[Data records]
Segment Open

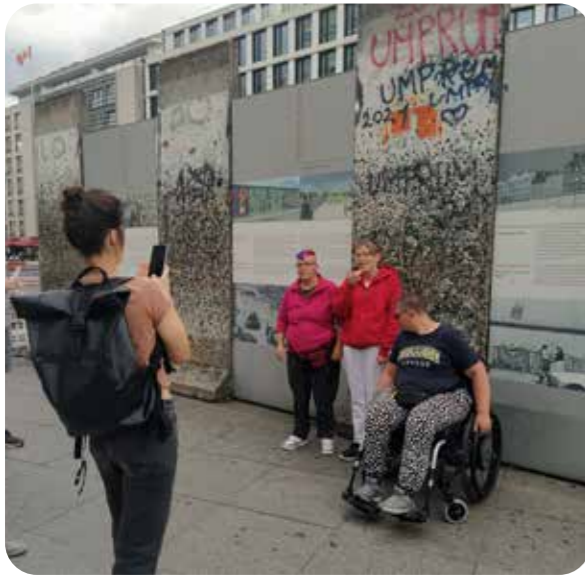
Zweitägige Fahrt nach Berlin und in den Deutschen Bundestag
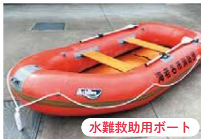
水難救助用ボート

水害発生時に地域住民の避難補助ができるよう、市の防災備蓄倉庫などで7艇保管しています。
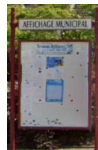
Affichage en face de la mairie
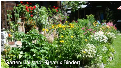
Garten Hallstatt (Beatrix Binder)
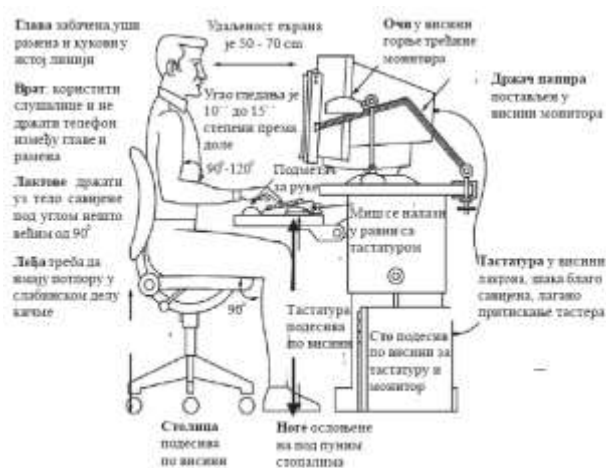
Slika 4: Preporučeno uređenje radnog mesta

На наредној фотографији приказано је правилно уређење радног места при раду на раћунару:
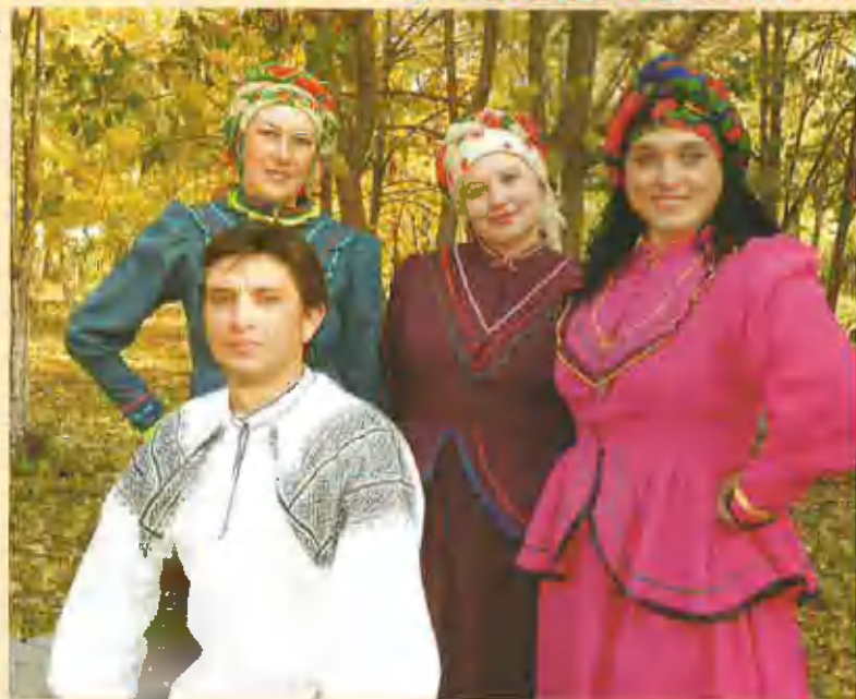
Фольклорный ансамбль "Хмельюшка" с. Романово

Фольклорный ансамбль "Хмельюшка" создан в 2000 году из выпускников специализации "Фольклор и этнография" АККК. Руководитель - Юрий Янковский. В репертуаре коллектива песни украинских
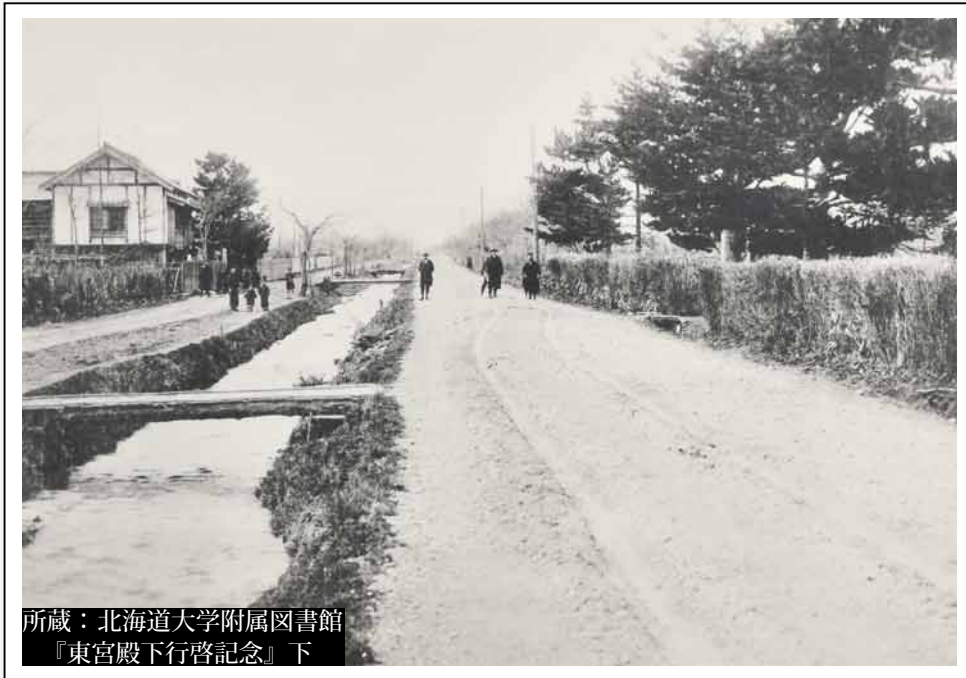
『東宮殿下行啓記念』下
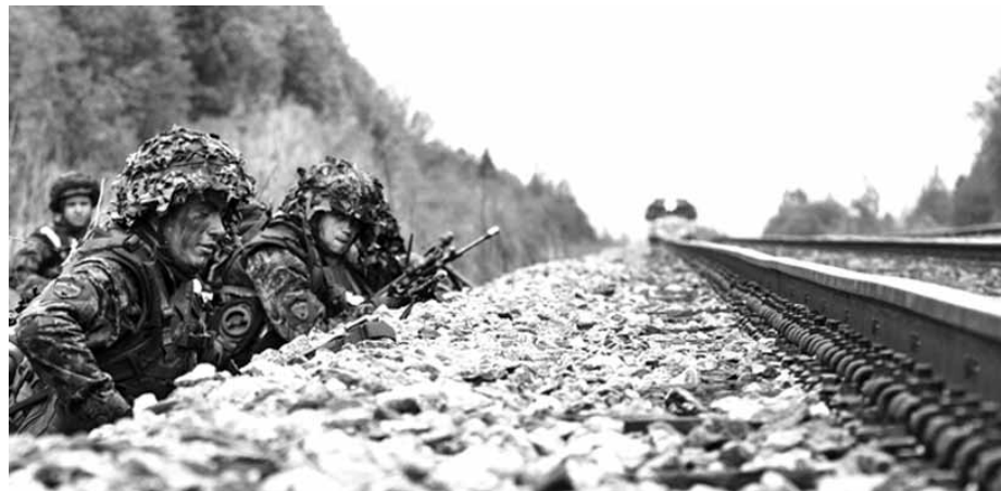
Eelmise aasta Kevadtorm.

Õppus Kevadtorm hõlmab tänavu Põlva, Tartu, Valga, Viljandi ja Võru maakondi. Viimati toimusid samased manöövrivõtted seal 2005. ja 2011. aastal. Kõikjal eespool nime-
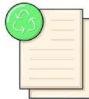
Kertas daur ulang
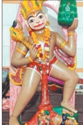
धुआ के हनुमान

हनुमान जी की प्रतिमा दिन में तीन रूप धारण करती है। सुबह बालवन, दोपहर में बाहुबली, शाम को यह मूर्ति वृद्ध रूप में नजर आती है। यह विशेषता अनोखी है। यह मंदिर लगभग 400 से 500 साल पुराना है और इसकी स्थापना दौलत राव सिंधिया ने करवाई थी। मंदिर की एक विशेषता यह है कि इसमें कोई परिक्रमा मार्ग नहीं है और भगवान हनुमान की प्रतिमा स्वाभाविक रूप से वहां मौजूद थी। धुआ वाले हनुमान जी का मंदिर शहर से लगभग 56 किलोमीटर दूर है और वहां पहुंचने में 1 घंटे 30 मिनट का समय लगता है। भक्त वहां टैक्सी या ऑटो रिक्शा लेकर मंदिर में दर्शन करने पहुंचते हैं। इस मंदिर में
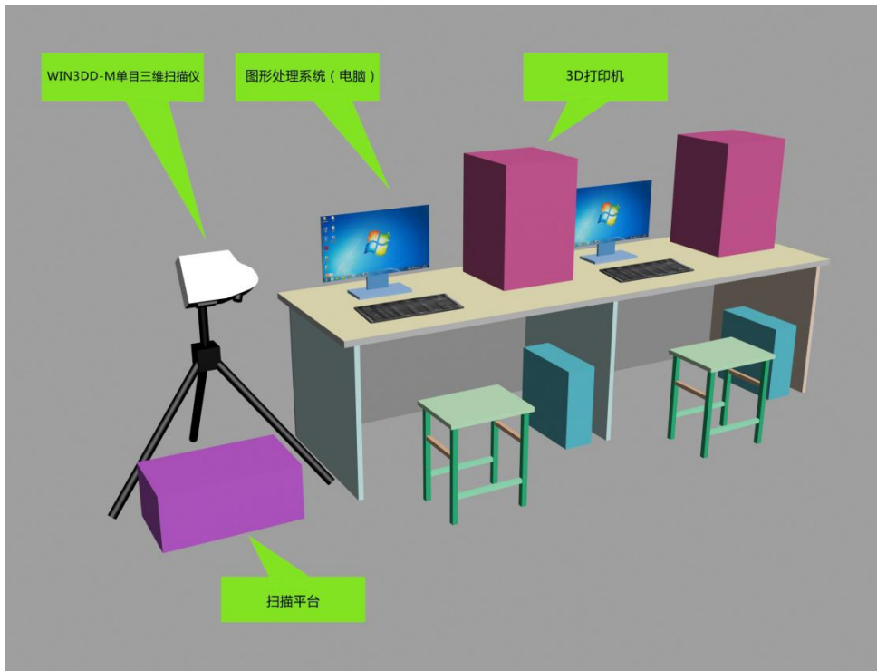
图 3 技术平台示意图
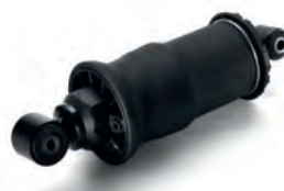
■ Originální vzduchové pružiny MAN
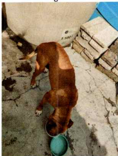
En la imagen se aprecia al canino comiendo.
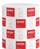
460232 Katrin System Handtuchrolle L 2-lagig

Beispielhafte Auswahl aus allen Ländern. Die Verfügbarkeit für einzelne Regionen finden Sie auf der Webseite.
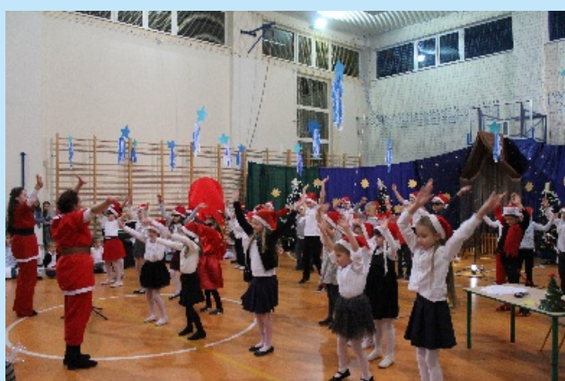
Świąteczne Spotkanie przy Choince w Lyczance str. 16
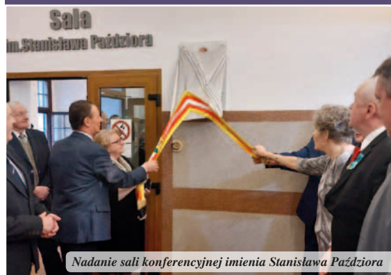
Nadanie sali konferencyjnej imienia Stanisława Paździóra
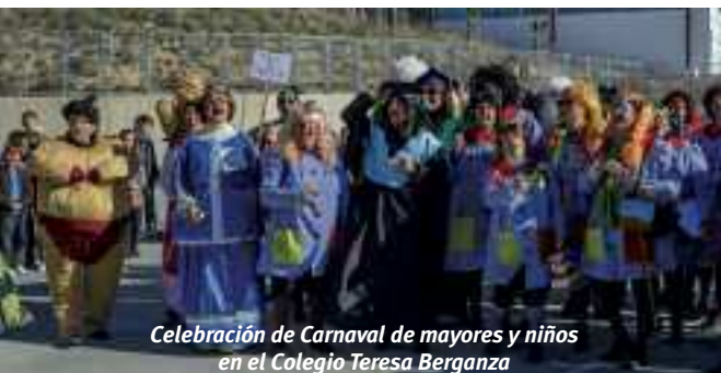
Celebración de Carnaval de mayores y niños en el Colegio Teresa Berganza

La empresa Boadilla Audio S.L. participó de forma voluntaria poniendo un coche tuneado con música, acompañando a los participantes en la cabecera del pasacalle.
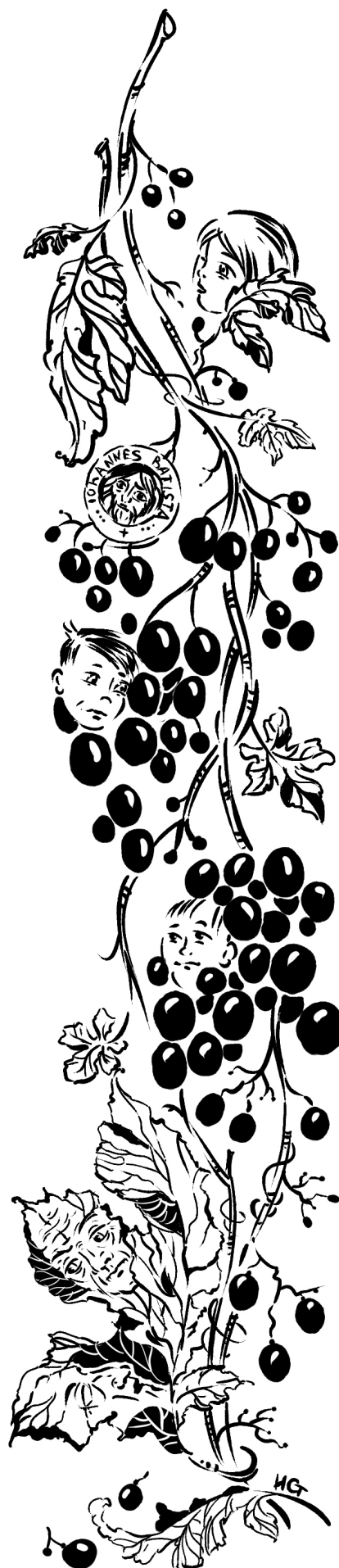
Рисунок И. Старцевой.
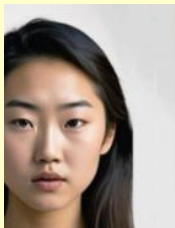
臉部被裁切(或觸碰到邊框)
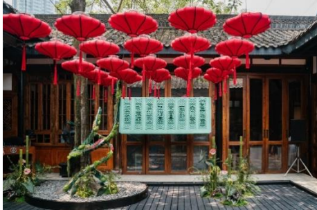
成都博舍米其林一星餐厅谧寻茶室
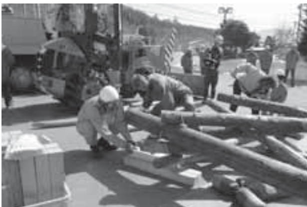
重量物を持ち上げる訓練のようす
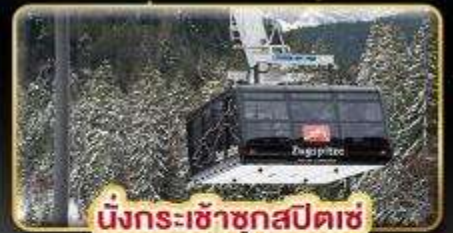
นั่งกระเช้าชุกสปีตซ์
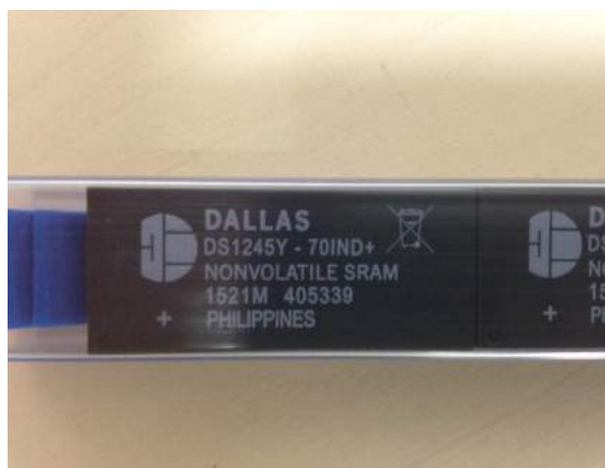
Original mit Herstellerzertifikat
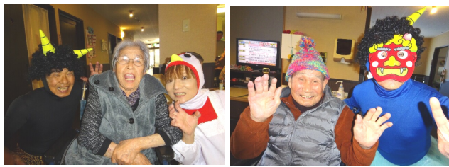
鬼と一緒に記念撮影

春に向けて各ユニットでは恒例のお花見を計画中です。1Fフロアは、合同で3月31日に下水道科学館の公園にて七宝亀甲は3月23日に稲沢公園にて矢絣千鳥は4月4日に桜を車窓見学しながら皆で海津温泉へ西館は、随時少人数制でお花見の予定です。すずの郷では今年も季節のイベントを大切に盛り上げていきたいと思っております。（浜嶋いづみ）
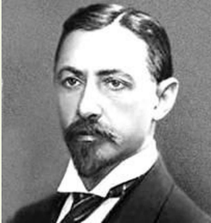
Бунин Иван Андреевич
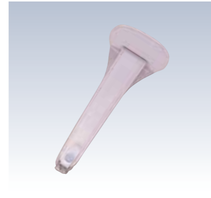
NO.65 止金 S型 表生地/レーヨン100% 芯/スチール・ボール紙 裏生地/レーヨン100% サイズ/約22×8.5cm 流通梱包数/10 参考上代 ¥1000(税抜)
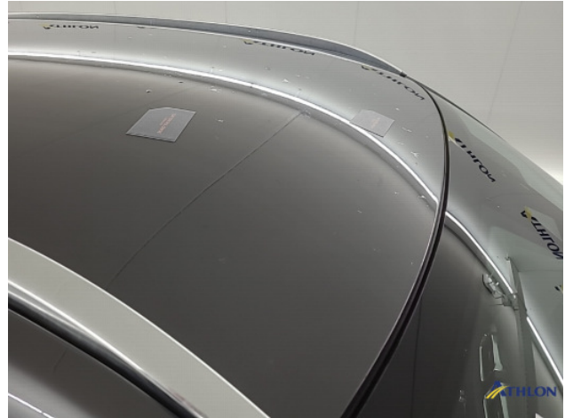
4. lakaantasting Beschadigd
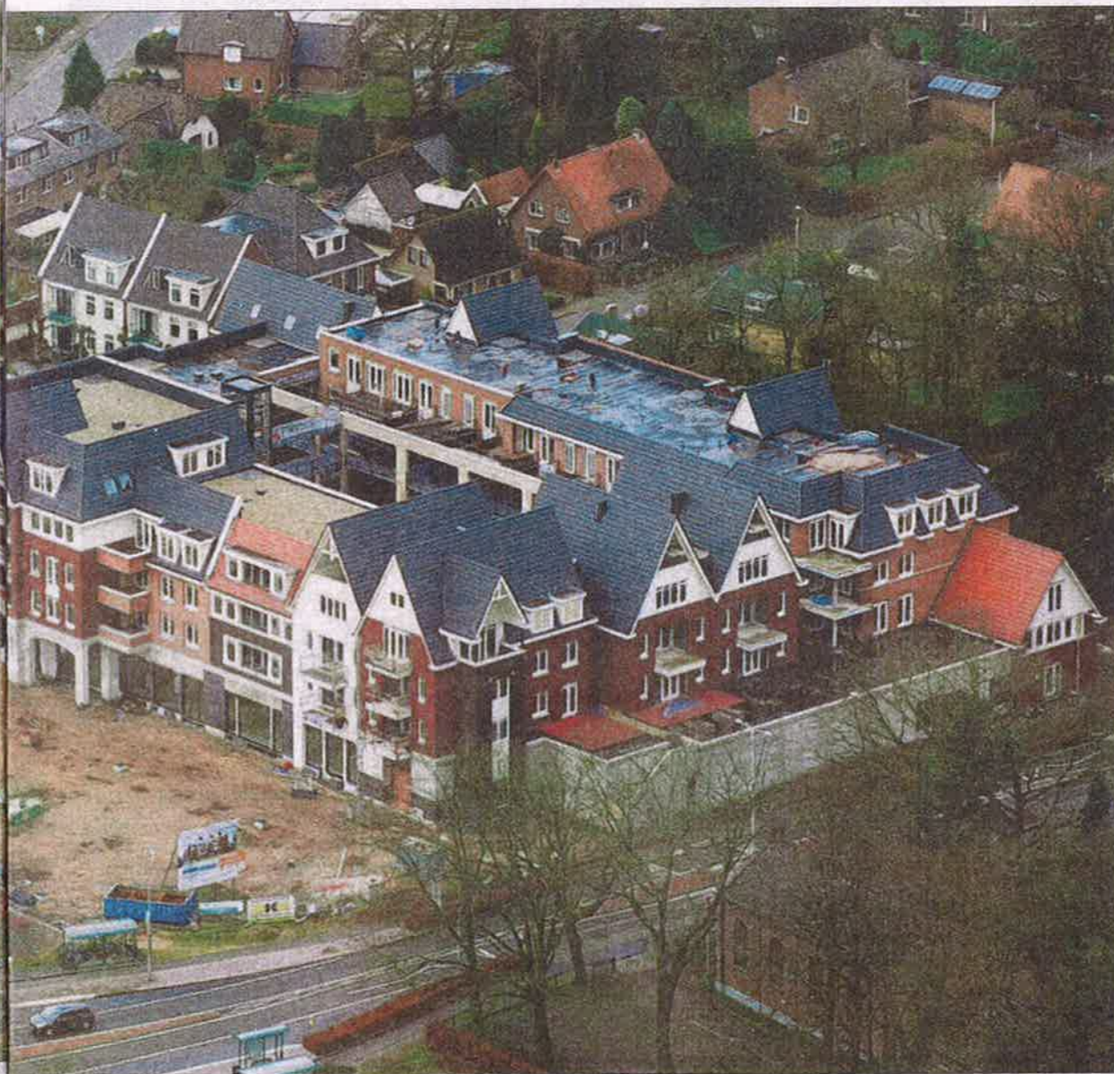
Het enorme appartementencomplex dat onderdeel uitmaakt van project de Verbinding is zo goed als klaar. De bedoeling is dat de nieuwe bewoners in april hun appartementen betrekken.
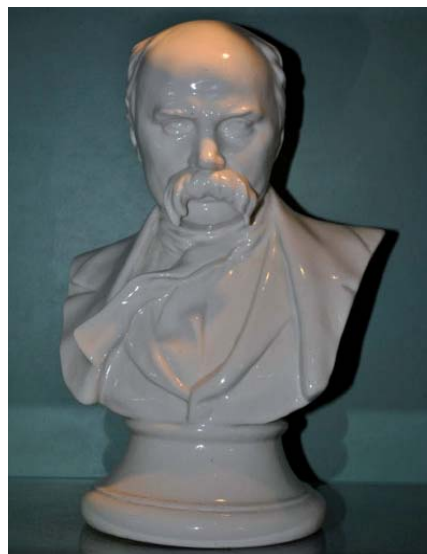
2. Автор невідомий. Бюст Тараса Шевченка. Фарфор, відливання. 1950–1960-ті рр. Баранівський фарфоровий завод. Приватна колекція
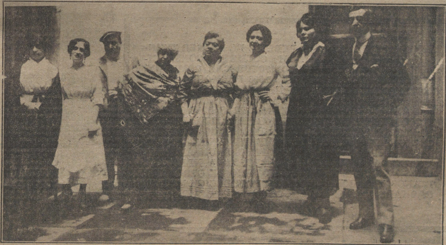
La compañía de Lara, que estrenó la obra de Antonio Casero, «La noche de la verbenas», en la fiesta del Sainete, celebrada ayer en el teatro de Apolo.
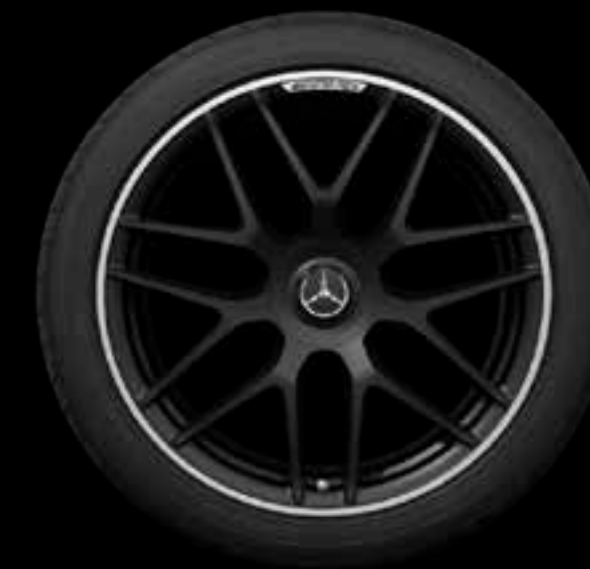
RXV 2 55.9 厘米 (22 英寸) AMG交叉轮辐锻造车轮
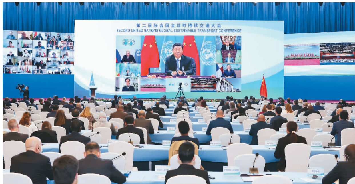
十月十四日晚,国家主席习近平以视频方式出席第二届联合国全球可持续交通大会开幕式并发表题为《与世界相交 与时代相通 在可持续发展道路上阔步前行》的主旨讲话。

新华社北京10月14日电 国家主席习近平14日晚以视频方式出席第二届联合国全球可持续交通大会开幕式并发表题为《与世界相交 与时代相通 在可持续发展
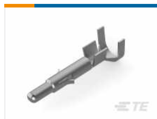
TE Teilenummer 926902-3 UNIV-MNL SPLIT ST
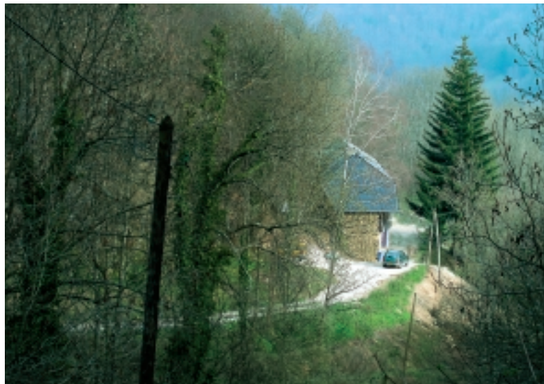
Aan het einde van de 'oprijlaan' van 700 meter... Bourgaille!
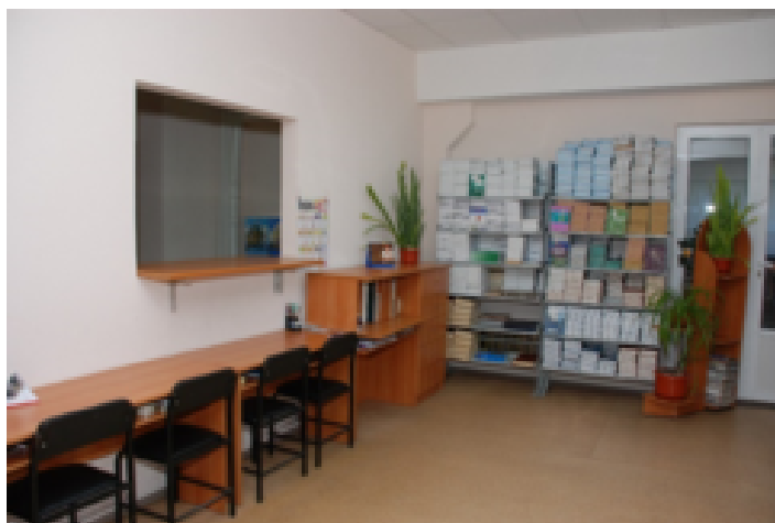
Абонемент відділу обслуговування науковою та навчальною літературою Національного фармацевтичного університету (2006 р.)

Segment Closed

## ASSIGNMENT
Write out again exactly the lines from the start of the data above through the line containing "Slika 4: Preporučeno uređenje radnog mesta", inclusive, excluding any pictures.

## FINISHED TASK
Zweitägige Fahrt nach Berlin und in den Deutschen Bundestag
水難救助用ボート

水害発生時に地域住民の避難補助ができるよう、市の防災備蓄倉庫などで7艇保管しています。
Affichage en face de la mairie
Garten Hallstatt (Beatrix Binder)
Slika 4: Preporučeno uređenje radnog mesta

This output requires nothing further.